Every line of the records below from the line with "Bridal Hair Combs, 5PCS" up to and including the line with "남성용 아웃도어 재킷, 여성용" must be reproduced exactly, and no line outside that range.
++++ GIVEN DATA ++++
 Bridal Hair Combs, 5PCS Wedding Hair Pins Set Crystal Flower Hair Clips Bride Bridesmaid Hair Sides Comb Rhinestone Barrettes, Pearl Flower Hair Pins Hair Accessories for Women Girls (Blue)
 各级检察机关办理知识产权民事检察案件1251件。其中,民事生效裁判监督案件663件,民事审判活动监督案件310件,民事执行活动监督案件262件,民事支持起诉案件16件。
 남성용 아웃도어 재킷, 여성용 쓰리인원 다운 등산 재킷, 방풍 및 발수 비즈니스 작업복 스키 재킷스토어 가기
++++
++++ GIVEN DATA ++++
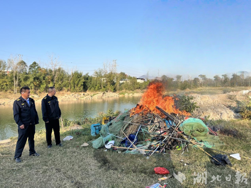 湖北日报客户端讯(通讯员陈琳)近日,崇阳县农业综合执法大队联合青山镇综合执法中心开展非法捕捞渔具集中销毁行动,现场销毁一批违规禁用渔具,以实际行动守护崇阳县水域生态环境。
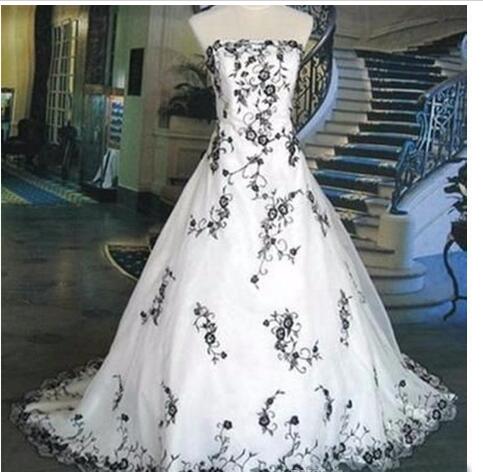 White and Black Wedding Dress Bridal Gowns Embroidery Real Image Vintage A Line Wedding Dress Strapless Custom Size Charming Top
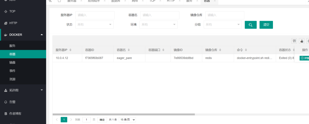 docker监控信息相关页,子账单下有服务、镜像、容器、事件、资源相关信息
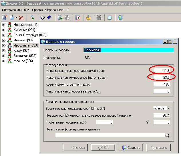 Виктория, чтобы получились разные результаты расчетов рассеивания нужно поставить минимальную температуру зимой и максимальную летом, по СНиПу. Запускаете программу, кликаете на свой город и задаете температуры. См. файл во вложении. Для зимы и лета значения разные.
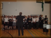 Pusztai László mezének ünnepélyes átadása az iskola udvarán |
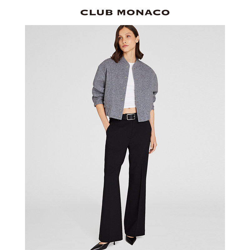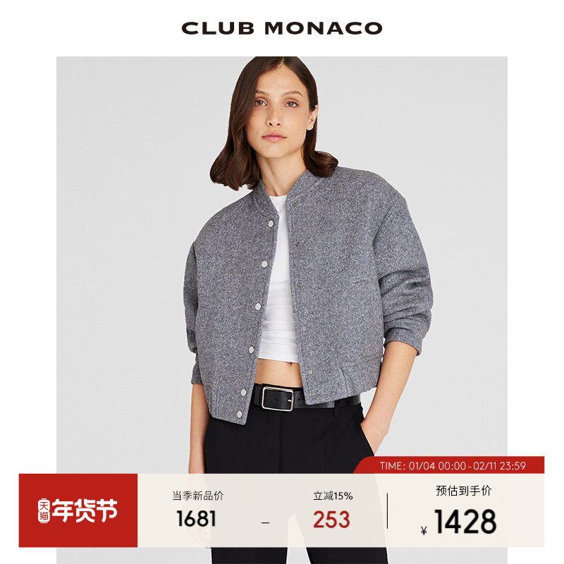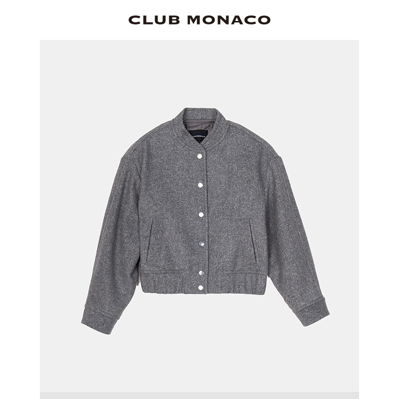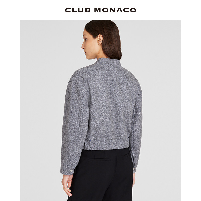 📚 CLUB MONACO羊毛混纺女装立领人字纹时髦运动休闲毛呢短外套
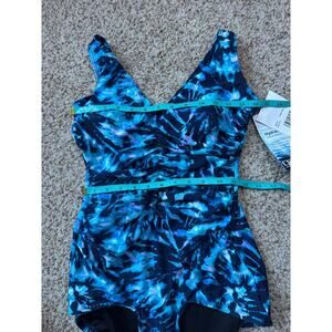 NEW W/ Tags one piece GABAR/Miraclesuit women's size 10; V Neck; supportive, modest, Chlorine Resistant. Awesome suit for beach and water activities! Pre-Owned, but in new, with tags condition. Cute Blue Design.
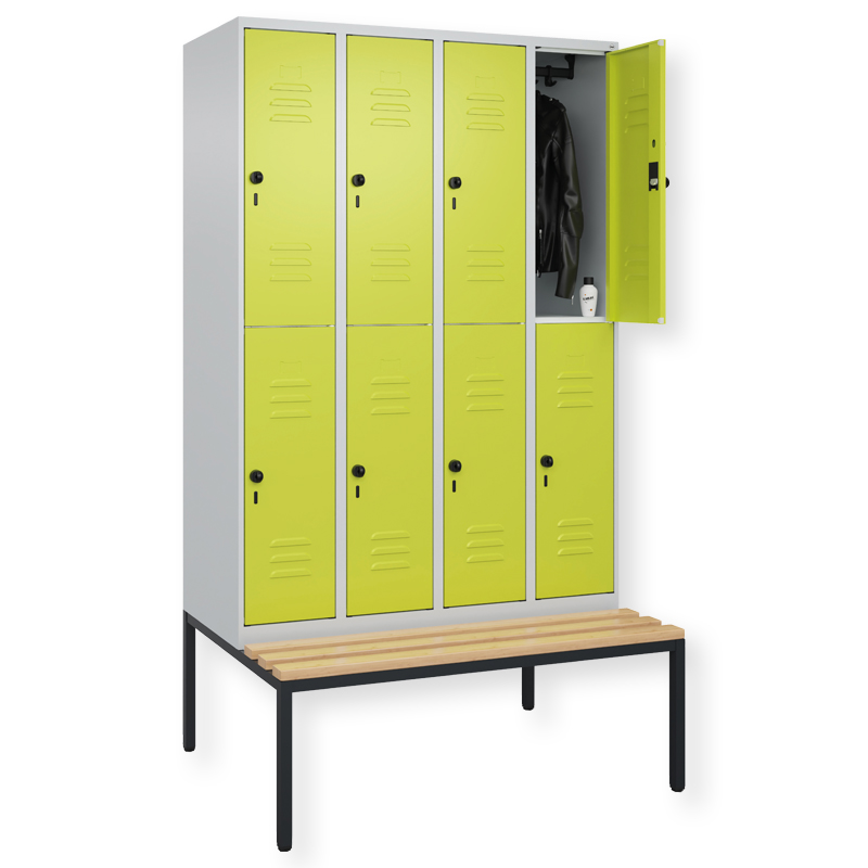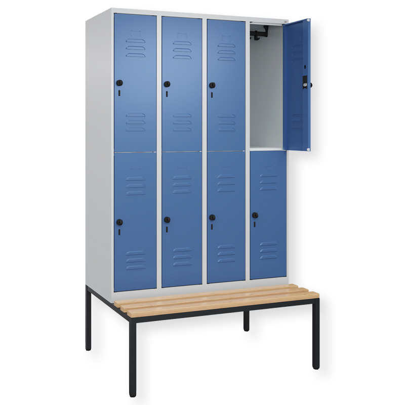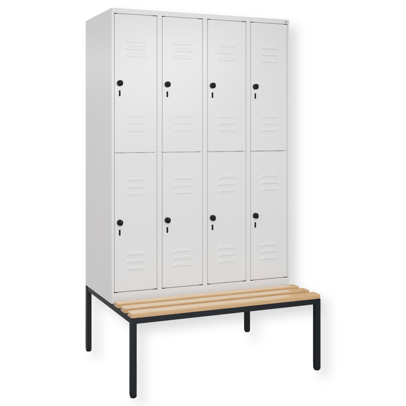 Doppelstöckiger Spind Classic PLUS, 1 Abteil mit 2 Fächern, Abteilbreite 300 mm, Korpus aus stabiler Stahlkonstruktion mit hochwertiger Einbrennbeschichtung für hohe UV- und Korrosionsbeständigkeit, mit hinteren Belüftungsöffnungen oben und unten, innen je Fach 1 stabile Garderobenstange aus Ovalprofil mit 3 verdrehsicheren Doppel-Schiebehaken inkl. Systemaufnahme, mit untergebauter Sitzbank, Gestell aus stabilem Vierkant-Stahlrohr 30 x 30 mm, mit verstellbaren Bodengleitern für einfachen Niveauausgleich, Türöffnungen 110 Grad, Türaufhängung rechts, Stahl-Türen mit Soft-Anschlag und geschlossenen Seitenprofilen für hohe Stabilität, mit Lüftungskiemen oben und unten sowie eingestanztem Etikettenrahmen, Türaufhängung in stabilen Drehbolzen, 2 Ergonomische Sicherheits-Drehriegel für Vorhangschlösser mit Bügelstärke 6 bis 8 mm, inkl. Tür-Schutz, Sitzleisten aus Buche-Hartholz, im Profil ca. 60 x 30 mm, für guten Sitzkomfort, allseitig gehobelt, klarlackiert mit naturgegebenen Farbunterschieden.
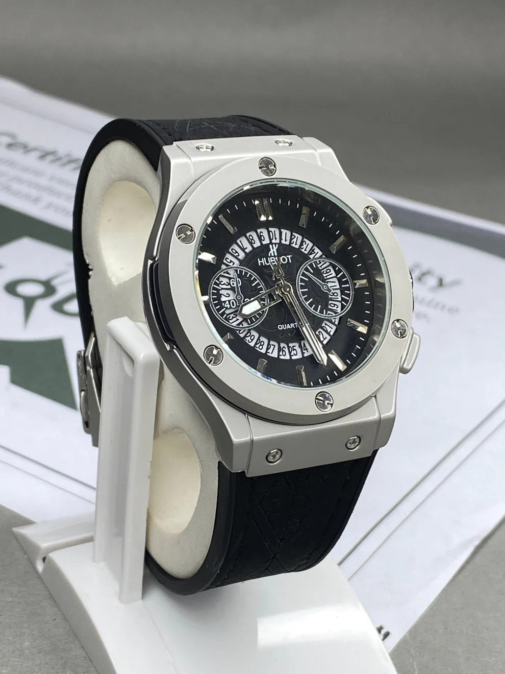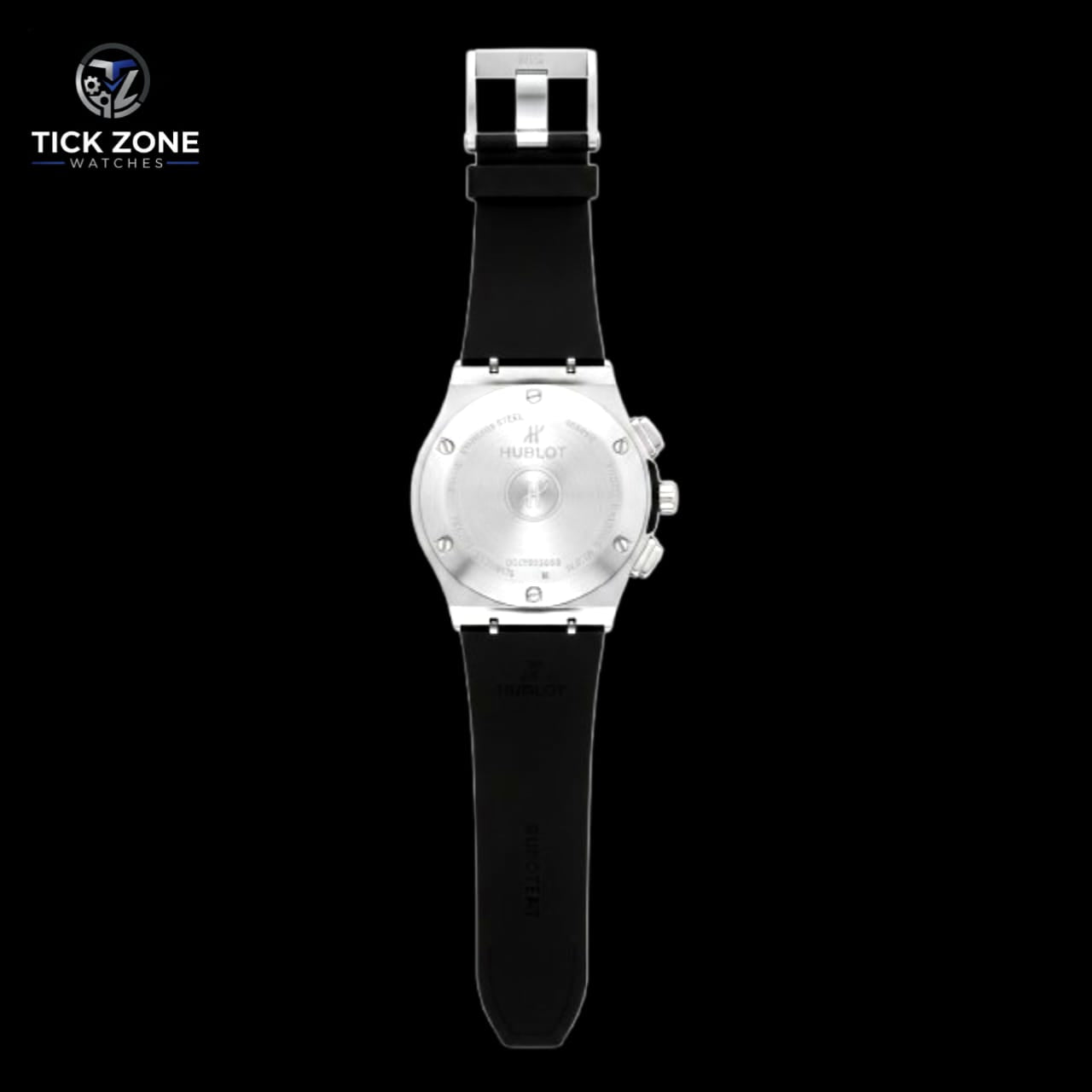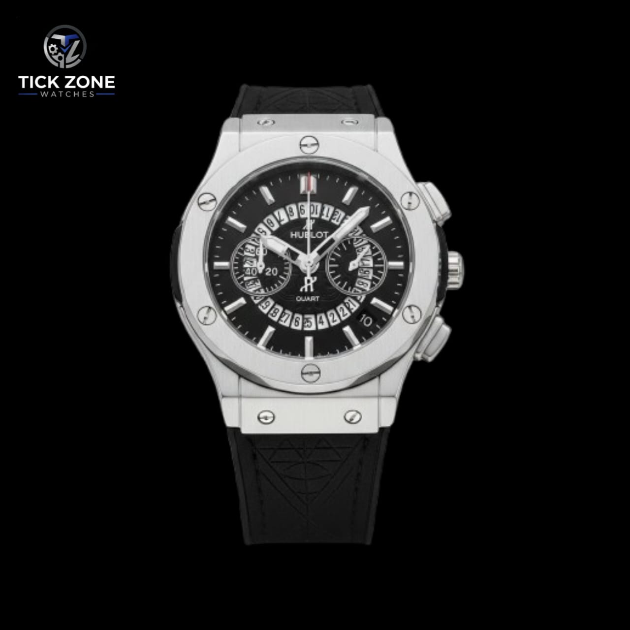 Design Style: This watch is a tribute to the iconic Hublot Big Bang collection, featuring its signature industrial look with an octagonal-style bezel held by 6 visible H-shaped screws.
++++
++++ GIVEN DATA ++++
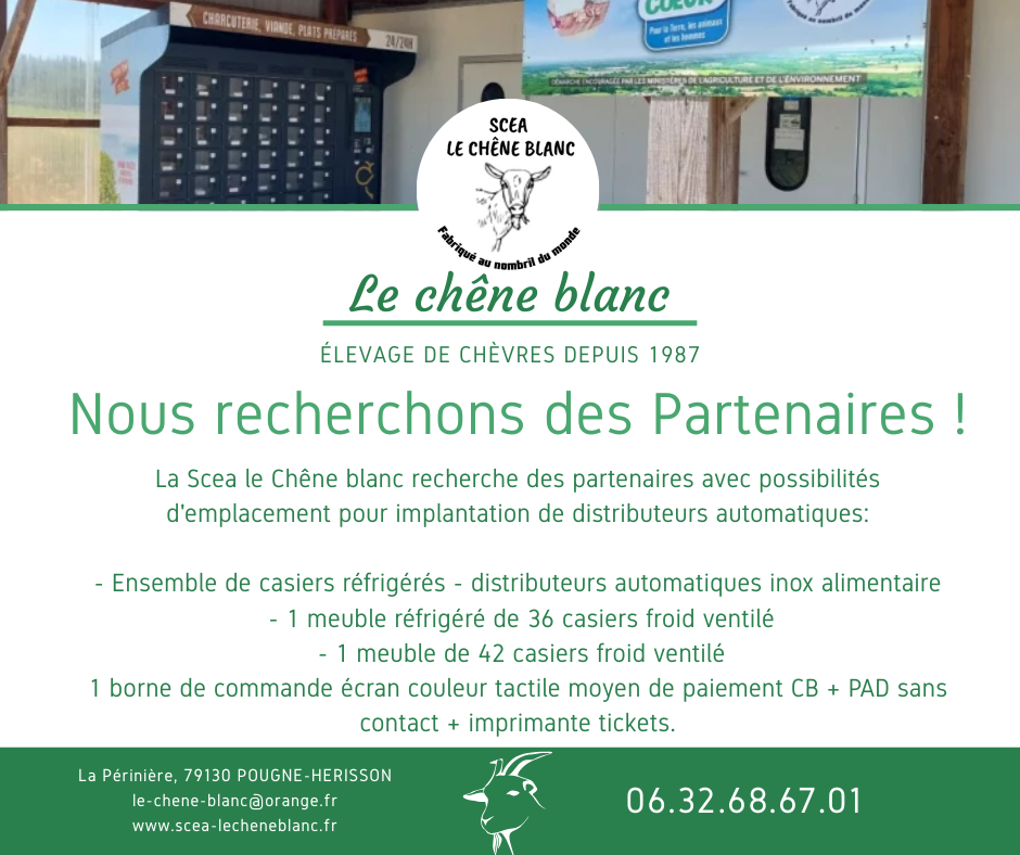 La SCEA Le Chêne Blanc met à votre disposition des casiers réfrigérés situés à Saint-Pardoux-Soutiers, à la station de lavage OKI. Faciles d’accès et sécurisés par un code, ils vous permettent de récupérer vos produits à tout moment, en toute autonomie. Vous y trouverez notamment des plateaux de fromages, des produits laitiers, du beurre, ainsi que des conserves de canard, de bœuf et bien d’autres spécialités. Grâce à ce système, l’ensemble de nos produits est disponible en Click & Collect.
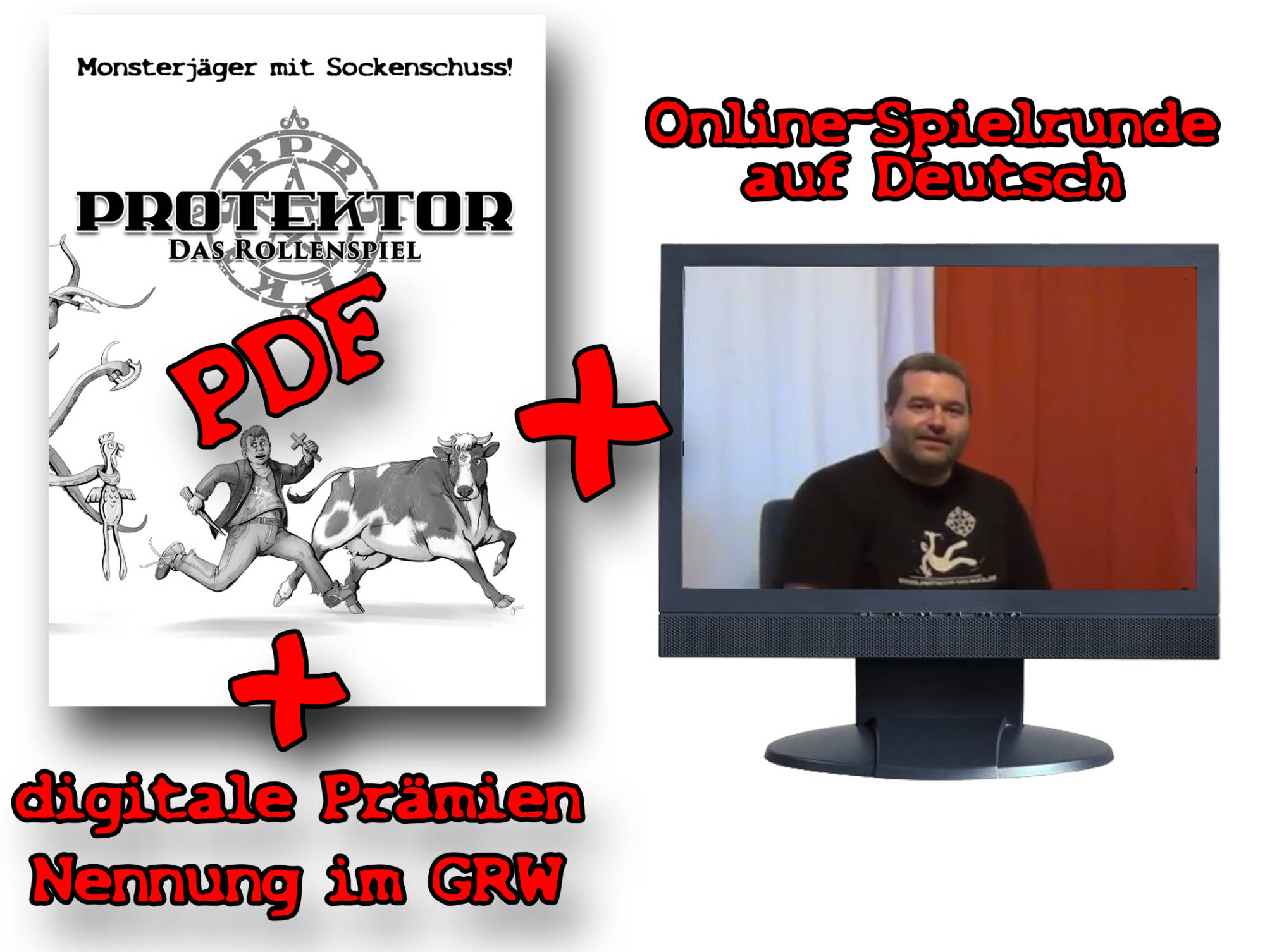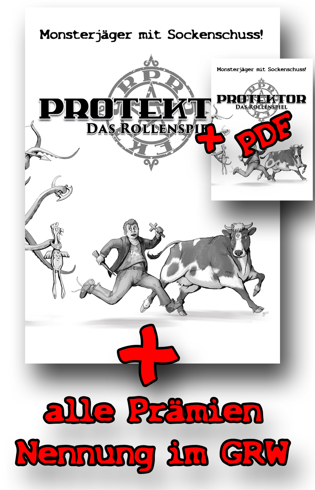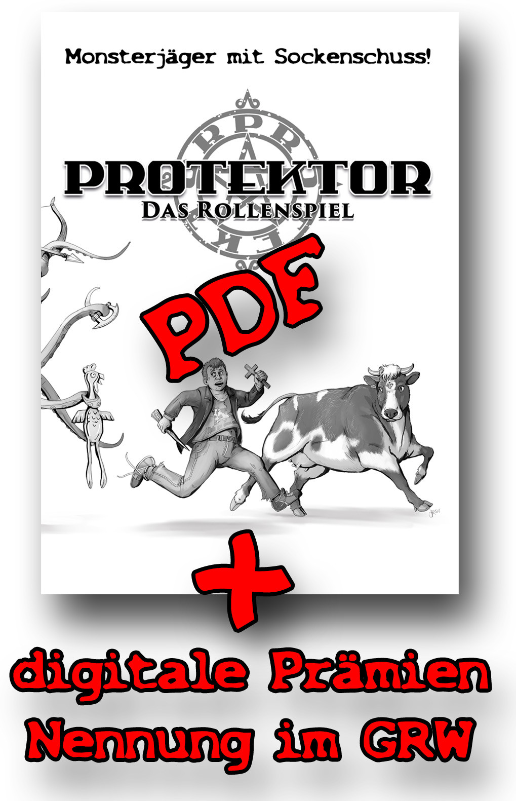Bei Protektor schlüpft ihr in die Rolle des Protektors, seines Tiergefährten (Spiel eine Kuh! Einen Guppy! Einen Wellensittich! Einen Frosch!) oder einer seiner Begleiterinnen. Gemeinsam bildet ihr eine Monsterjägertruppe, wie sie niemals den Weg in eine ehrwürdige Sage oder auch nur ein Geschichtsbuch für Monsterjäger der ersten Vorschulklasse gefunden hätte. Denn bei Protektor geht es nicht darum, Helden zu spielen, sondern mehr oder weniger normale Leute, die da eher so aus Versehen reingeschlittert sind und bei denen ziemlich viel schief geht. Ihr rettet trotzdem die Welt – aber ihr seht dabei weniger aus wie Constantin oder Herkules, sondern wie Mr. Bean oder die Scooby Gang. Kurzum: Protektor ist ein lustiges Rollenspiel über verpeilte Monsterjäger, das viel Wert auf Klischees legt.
++++
- **EXERCISE RESPONSE**
 Bridal Hair Combs, 5PCS Wedding Hair Pins Set Crystal Flower Hair Clips Bride Bridesmaid Hair Sides Comb Rhinestone Barrettes, Pearl Flower Hair Pins Hair Accessories for Women Girls (Blue)
 各级检察机关办理知识产权民事检察案件1251件。其中,民事生效裁判监督案件663件,民事审判活动监督案件310件,民事执行活动监督案件262件,民事支持起诉案件16件。
 남성용 아웃도어 재킷, 여성용 쓰리인원 다운 등산 재킷, 방풍 및 발수 비즈니스 작업복 스키 재킷스토어 가기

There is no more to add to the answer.